*Data extract:*
_ _ _

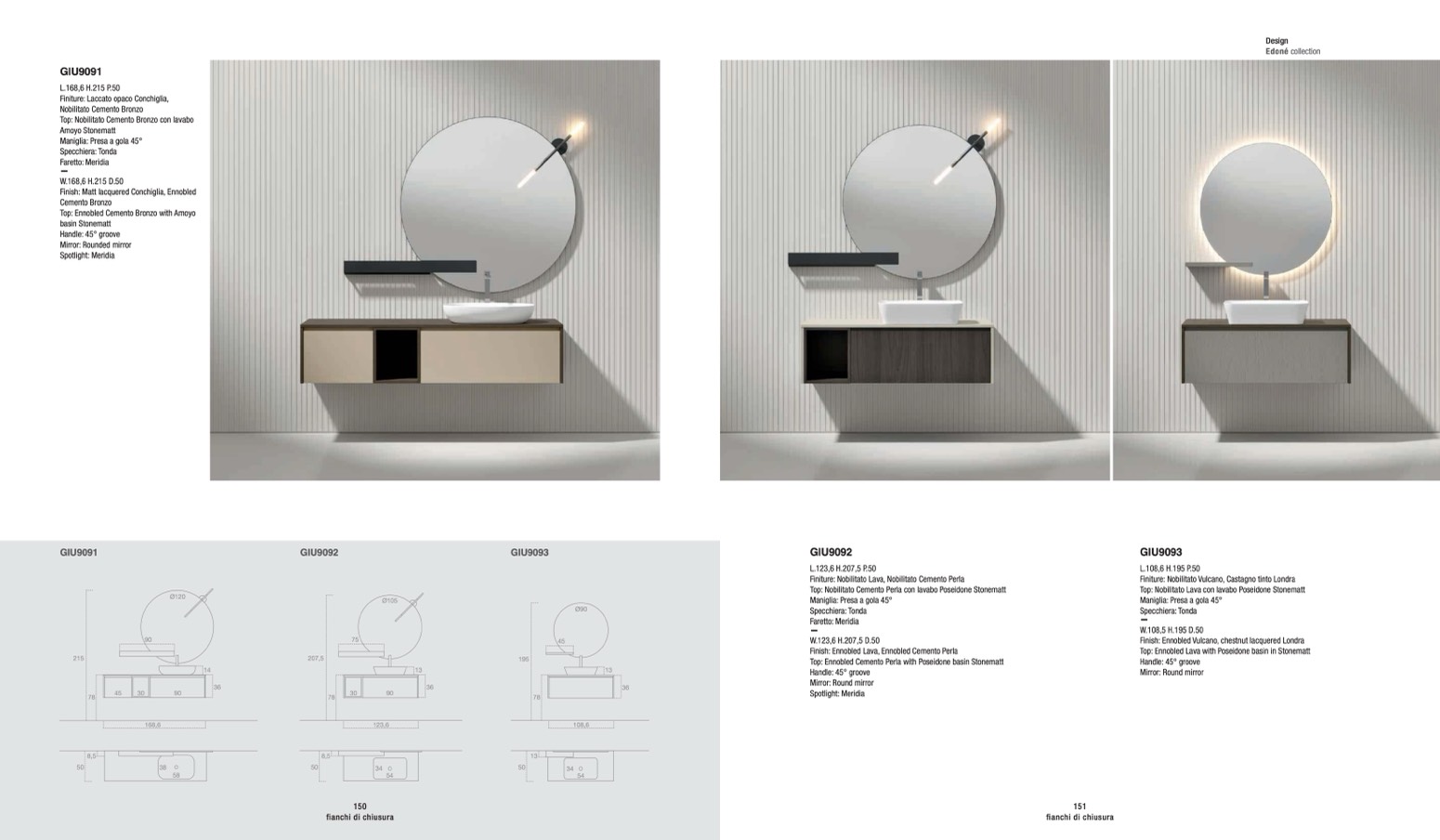 Top: Ennobled Cemento Perla with Poseidone basin Stonematt
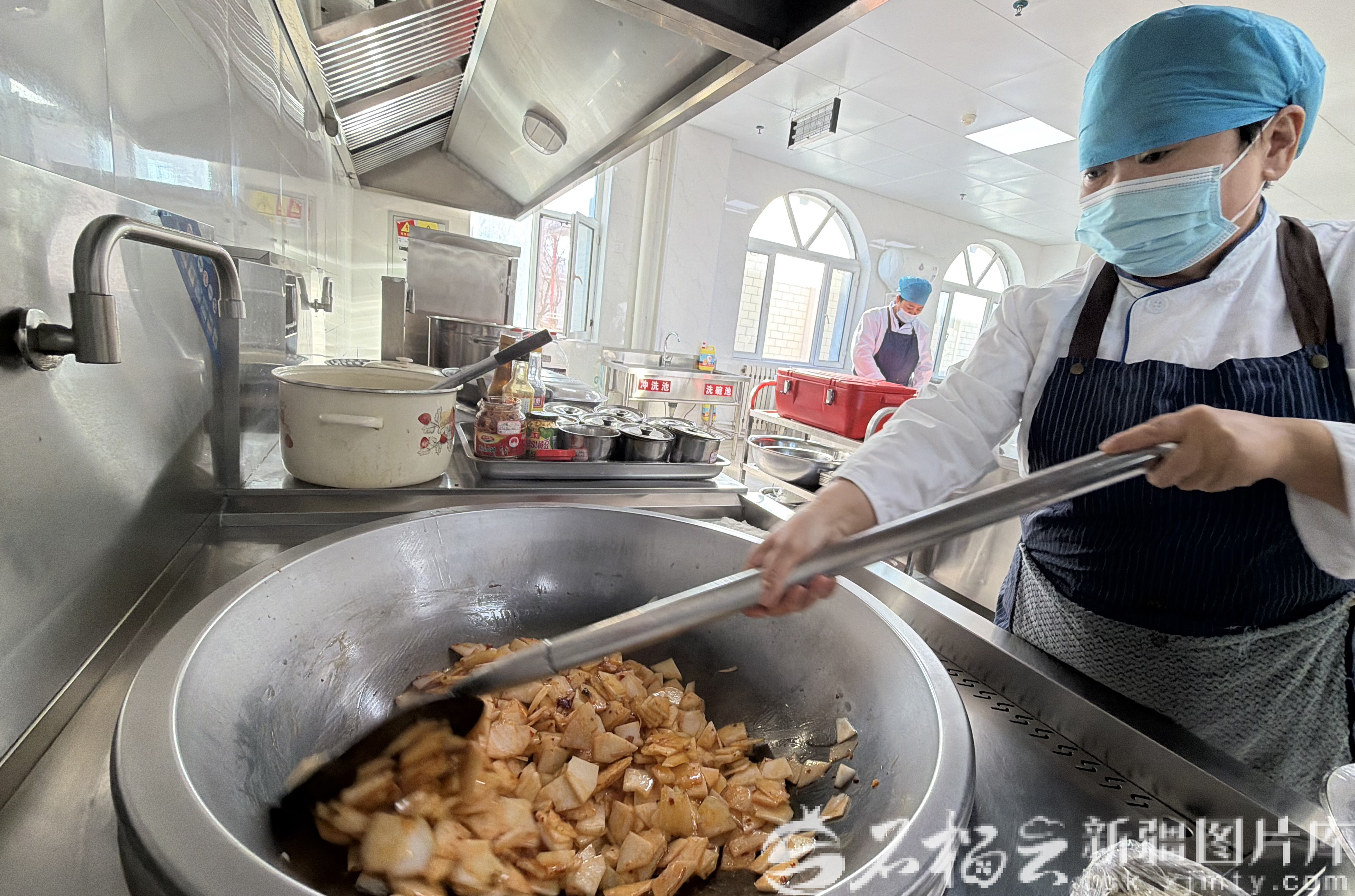 2月6日,裕民县社会福利园区工作人员给老人做午饭。
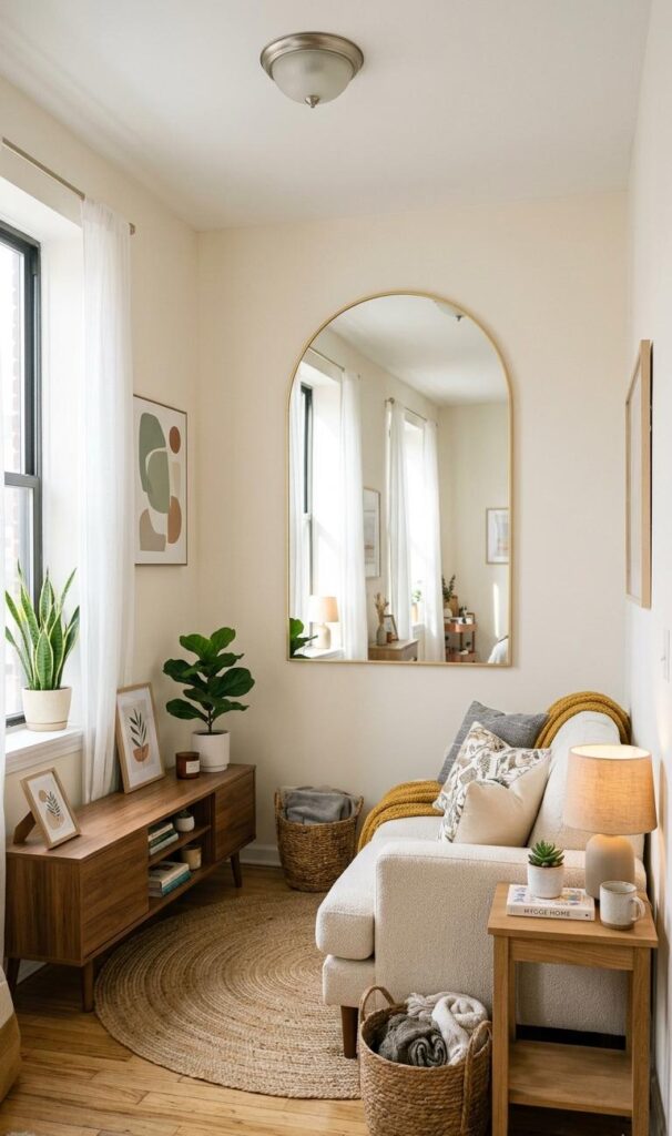Mirrors are a classic trick in small living room decor ideas to make spaces appear larger and brighter. Placing a mirror opposite a window reflects natural light and creates depth. This simple and affordable decor hack can instantly transform your room. Choose stylish frames to match your interior theme without spending too much. Even a large floor mirror can act as a statement piece. Mirrors not only enhance lighting but also elevate the overall aesthetic. This budget-friendly solution is perfect for making your living room feel open and inviting.

_ _ _

*Task:*
Reproduce exactly and only the lines from the line that contains "2月6日,裕民县社会福利园区工作人员给老人做午饭。" to the end of the data above, both ends included. No pictures go in the copy.

*Answer to this exercise:*
 2月6日,裕民县社会福利园区工作人员给老人做午饭。
Mirrors are a classic trick in small living room decor ideas to make spaces appear larger and brighter. Placing a mirror opposite a window reflects natural light and creates depth. This simple and affordable decor hack can instantly transform your room. Choose stylish frames to match your interior theme without spending too much. Even a large floor mirror can act as a statement piece. Mirrors not only enhance lighting but also elevate the overall aesthetic. This budget-friendly solution is perfect for making your living room feel open and inviting.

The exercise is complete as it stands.